« On a montré qu’on pouvait revenir de tout » : au coeur des célébrations à Dakar après la victoire du Sénégal à la CAN

Dakar jubile. Des dizaines de milliers de spectateurs sont venus ce mardi crier leur amour des Lions de la Teranga, vainqueurs dimanche de la CAN contre le Maroc (1-0 a.p.). Presque tous portent les maillots verts frappés des noms devenus talismans : Mané, Gueye, Mbaye… Les vuvuzelas se mêlent aux percussions improvisées. La capitale entière bat au même rythme.

Fatou attend son équipe depuis le début de matinée. « Je suis venue accueillir nos champions.
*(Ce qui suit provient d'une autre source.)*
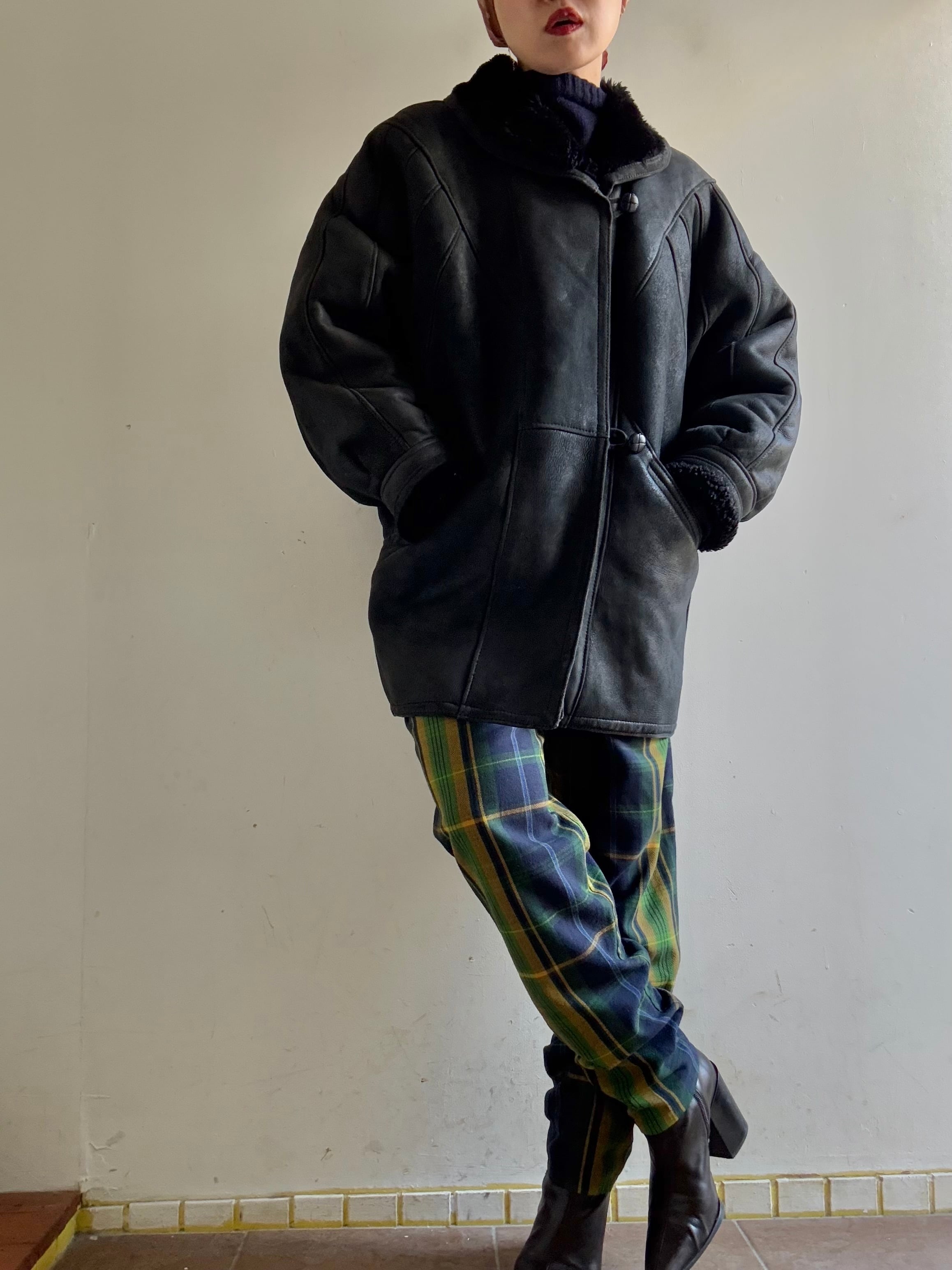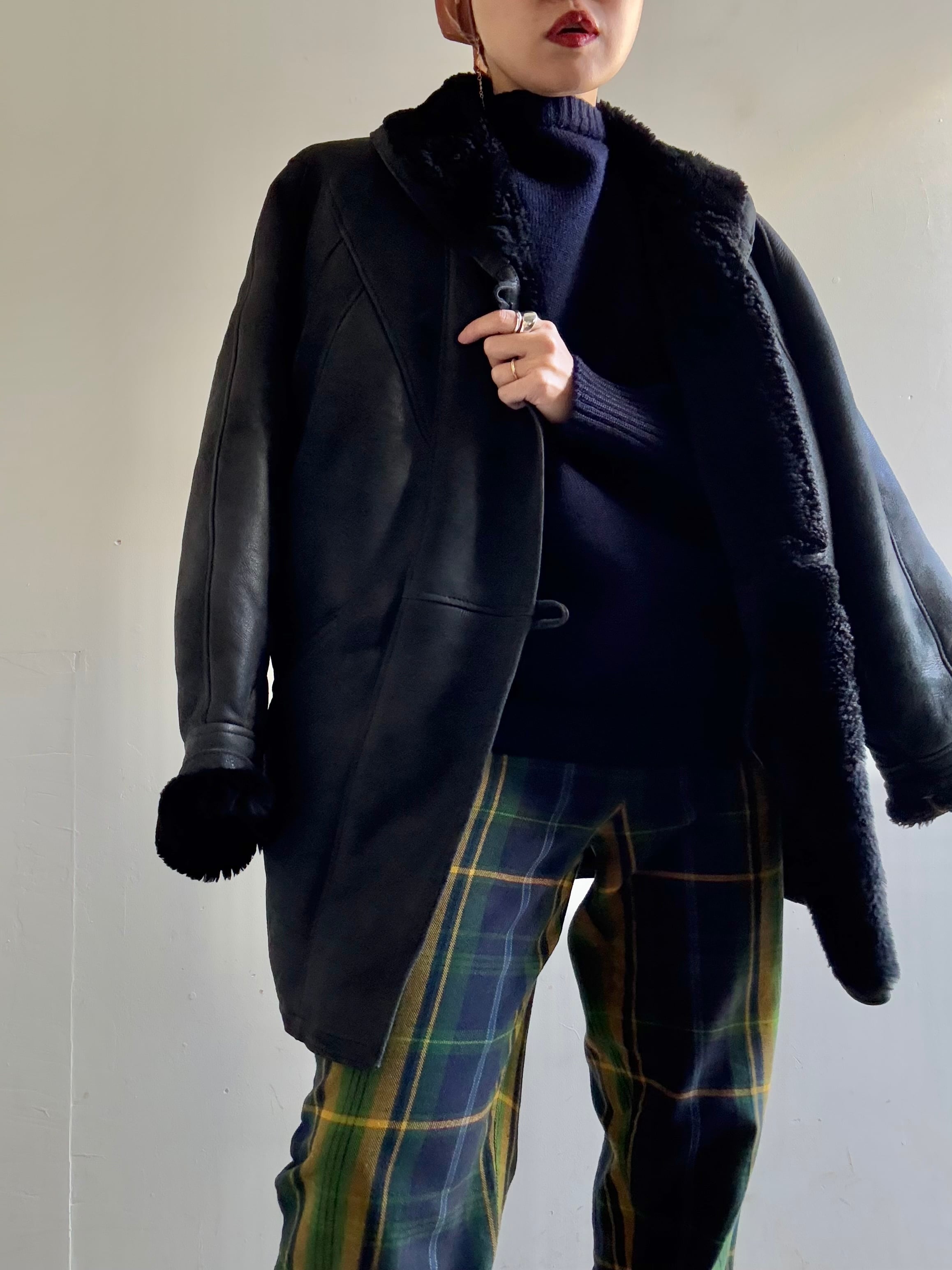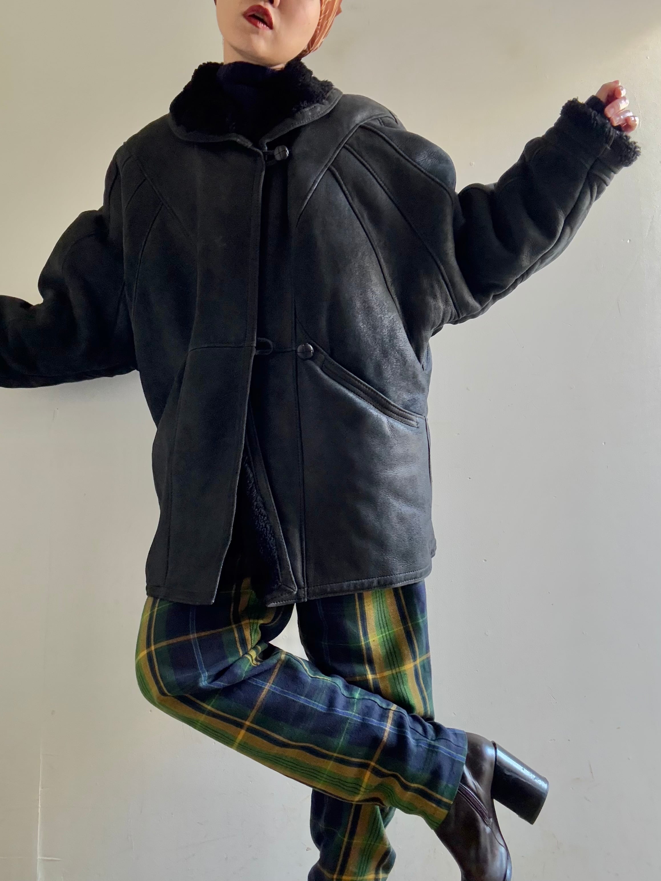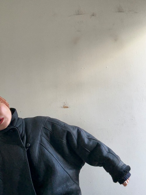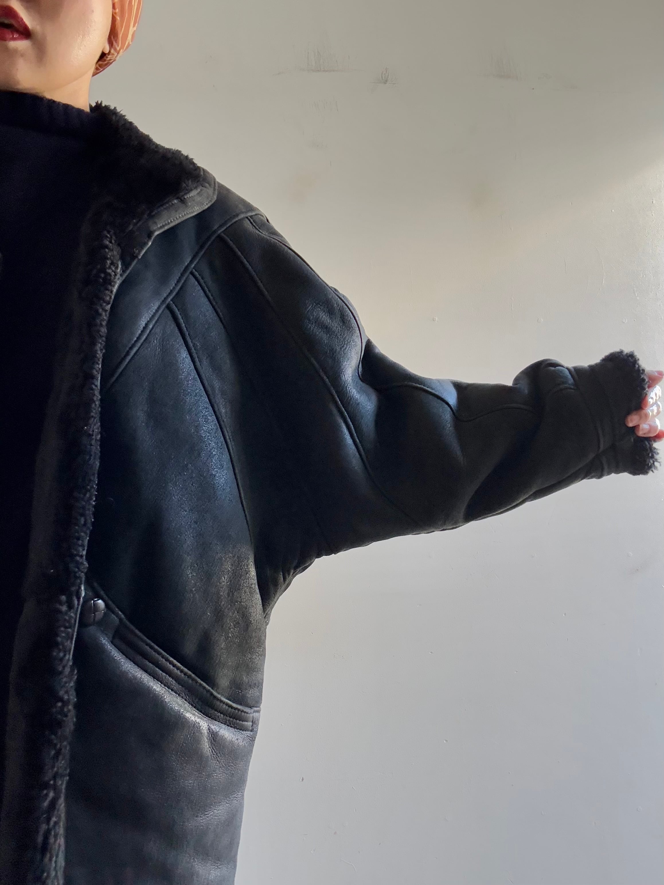 70-80s Vintage Black Mouton Blouson Coat

Cette équipe nous a rendus fiers » . Autour d’elle, les Sénégalais dansent, chantent, rient. La grande parade traverse Dakar du nord au sud, et sur son passage, les immeubles, les trottoirs, les ponts se transforment en tribunes populaires.

Quand le bus des Lions apparaît enfin et que les joueurs présentent la coupe, la clameur devient assourdissante. Seynabou, 45 ans, a les yeux rougis. « Les voir passer avec la coupe, ça me donne des frissons » . À côté d’elle, un jeune homme hurle sa joie : « La meilleure équipe d’Afrique ! Sénégal ! » .
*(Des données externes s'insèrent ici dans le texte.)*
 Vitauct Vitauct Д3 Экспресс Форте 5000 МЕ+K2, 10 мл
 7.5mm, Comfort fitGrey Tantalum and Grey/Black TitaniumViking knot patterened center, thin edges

La fête effacerait presque les tensions de la finale. Depuis dimanche, elles s’invitent dans les discussions improvisées. Ibrahima, étudiant en droit, refait le match avec précision. « On a cherché à nous prendre la coupe avec l’arbitrage. Il y a eu de la colère, un sentiment d’injustice. Mais cette équipe a montré une force incroyable. On a montré qu’on pouvait revenir de tout. » Pour lui, comme pour beaucoup, le moment de flottement à la fin du temps réglementaire aurait pu tout faire basculer. « Si le Sénégal avait quitté le terrain sans revenir, on aurait renvoyé une très mauvaise image. Heureusement pour nous, Mané a montré la voie. » Alors que son équipe était rentrée aux vestiaires, l’ancien joueur des Reds de Liverpool est resté sur le terrain, haranguant ses coéquipiers pour qu’ils retournent sur la pelouse.
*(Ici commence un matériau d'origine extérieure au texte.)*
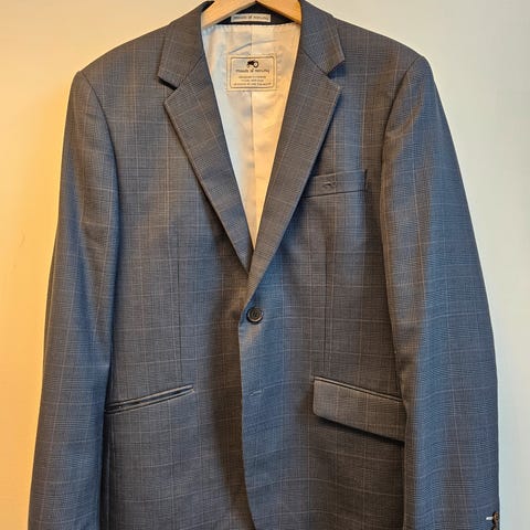 Moods of Norway dressjakke for herre i størrelse 50. Jakken er grå med rutemønster og er laget i ull. Den har klassisk jakkeslag, to knapper i front og fire knapper på ermet. Innsiden har rutete fôr og flere innerlommer. Passer til dressbukse eller chinos til både formelle og halvformelle anledninger.
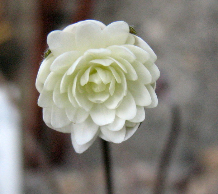 Das erste gefüllte Leberblümchen blüht. Ist noch ein kleines Pflänzchen mit nur 3 Blüten.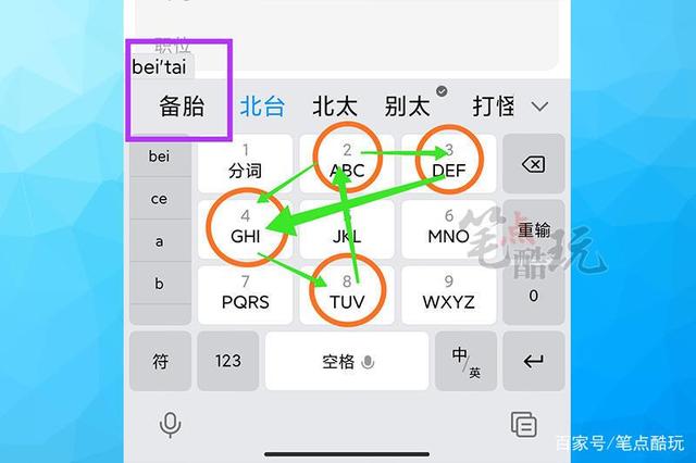 为什么234824代表“备胎”,你打开手机键盘,在汉语拼音九宫格输入法下,按照顺序点击234824,输入法一般会直接给出第一个候选词“备胎”。

Moussa, 27 ans, moto-taxi, tranche sans hésiter : « Sadio est une légende, sur et en dehors du terrain. Il finit sur une victoire. C’est définitivement le plus grand joueur sénégalais, et peut-être même d’Afrique. » « Il a changé de dimension, abonde Bamba. Son attitude a marqué les esprits. » Les polémiques arbitrales, elles, ne sont pas oubliées. « Cette CAN restera aussi une CAN de la honte pour l’arbitrage » , ajoute-t-il, tout en reconnaissant une victoire « méritée sur le terrain » . Pour Mohamed Ghandour, consultant pour la chaîne nationale RTS, « le Sénégal était au-dessus. Discipline, profondeur de banc, intelligence tactique. Mais il y a eu un vrai problème entre le niveau d’organisation de classe mondiale – les infrastructures, les stades, le niveau de jeu – et celui de l’arbitrage. » À Dakar, la ferveur n’est pas près de retomber. C’est une joie profonde, un soulagement collectif, une fierté, presque un exutoire dans un contexte social et politique tendu. « Le foot est magique » , souffle Amadou, jeune enfant venu avec ses parents, les deux étoiles du Sénégal dessinées sur ses deux joues.